Directions for this task: Copy out the entries below exactly as they stand, but only from the line containing "Misses' and Girls'" through the line containing "Cangzhou New Green".

*** Entries shown

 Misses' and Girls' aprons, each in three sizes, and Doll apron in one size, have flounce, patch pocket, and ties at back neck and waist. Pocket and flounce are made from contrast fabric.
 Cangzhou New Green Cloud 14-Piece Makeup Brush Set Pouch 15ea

******
*** Entries shown

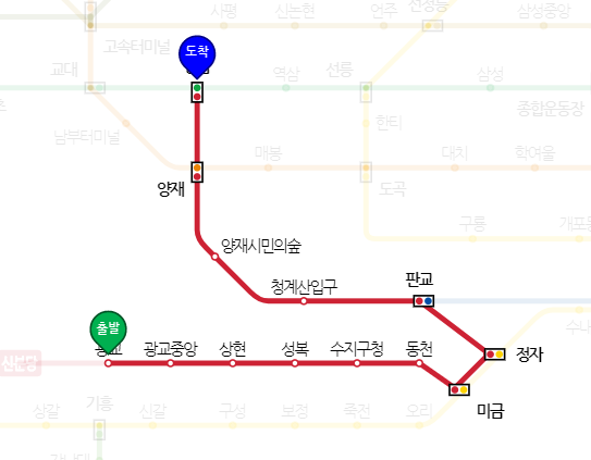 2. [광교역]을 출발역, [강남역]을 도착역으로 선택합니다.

******

Result of the task:
 Misses' and Girls' aprons, each in three sizes, and Doll apron in one size, have flounce, patch pocket, and ties at back neck and waist. Pocket and flounce are made from contrast fabric.
 Cangzhou New Green Cloud 14-Piece Makeup Brush Set Pouch 15ea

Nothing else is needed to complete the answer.